For Arabic ther are clearly two separate sets of digits, but the
possibility of mixing them arbitrarily is still a problem for IDNA (if
both sets are accepted), notably because most digits (except 4 to 6)
are completely identical. So registries will have to:
- either accept one set and reject the other one
- accept both, but only one within the same domain label, reserving
also the label using the other set (as if they were canonically
equivalent).

Such equivalences (which are definitely not canonical) can be handled
by tailored collation compares (operating at collation level 2 only,
when non-IDN registries operate only at level 1), where IDN registries
will use their own tailoring. I just see the IDN "StringPrep" as a
particular application of the general concept of collation mappings
(except that it was not designed on linguistic bases, but an IDN
registry can be viewed as a locale for collation purposes). All these
complex rules and mappings of IDN can be written in terms of a set
collation rules, added on top of the DUCET.

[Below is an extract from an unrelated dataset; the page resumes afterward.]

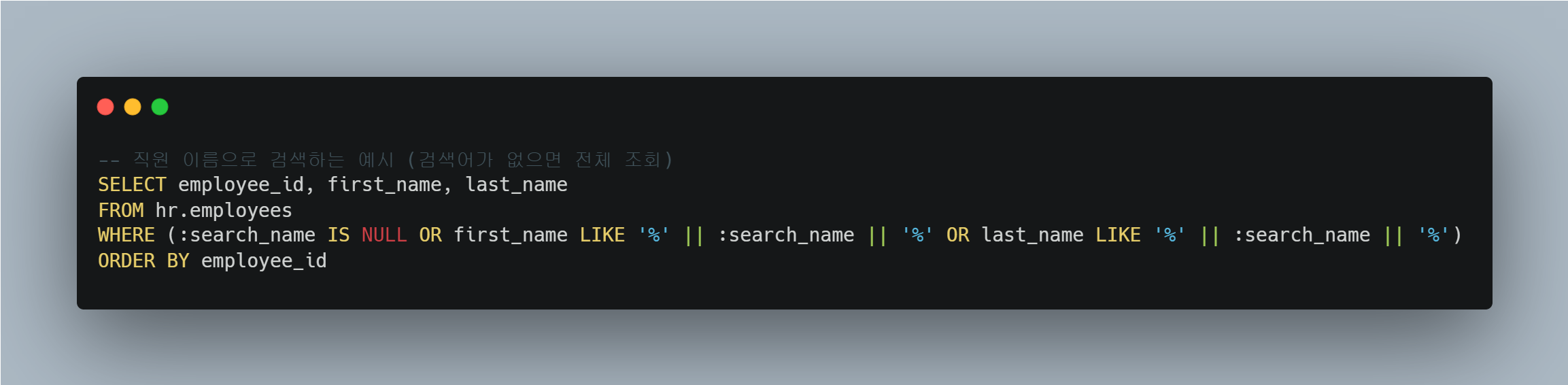 바인드 변수 :search_name을 사용하여 검색어를 입력받는다.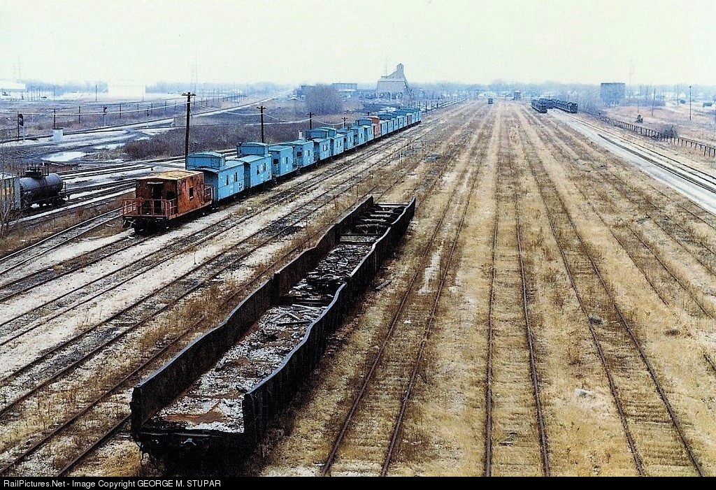 Indiana Harbor Belt Gibson Yard scene in 1984. View east from Indy Blvd nine span steel bridge.

Next message: Martin J. Dürst: "Re: High dot/dot above punctuation?"
Previous message: Juanma Barranquero: "Re: High dot/dot above punctuation?"

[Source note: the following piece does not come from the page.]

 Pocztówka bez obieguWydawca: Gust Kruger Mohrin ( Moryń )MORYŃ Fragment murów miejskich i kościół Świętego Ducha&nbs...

Maybe in reply to: Mark Davis ☕: "Re: Digit/letter variants in the "same" unified script (was: stability policy on numeric type = decimal)"
Next in thread: CE Whitehead: "RE: Digit/letter variants in the "same" unified script (was: stability policy on numeric type = decimal)"
Messages sorted by: [ date ] [ thread ] [ subject ] [ author ] [ attachment ]
Mail actions: [ respond to this message ] [ mail a new topic ]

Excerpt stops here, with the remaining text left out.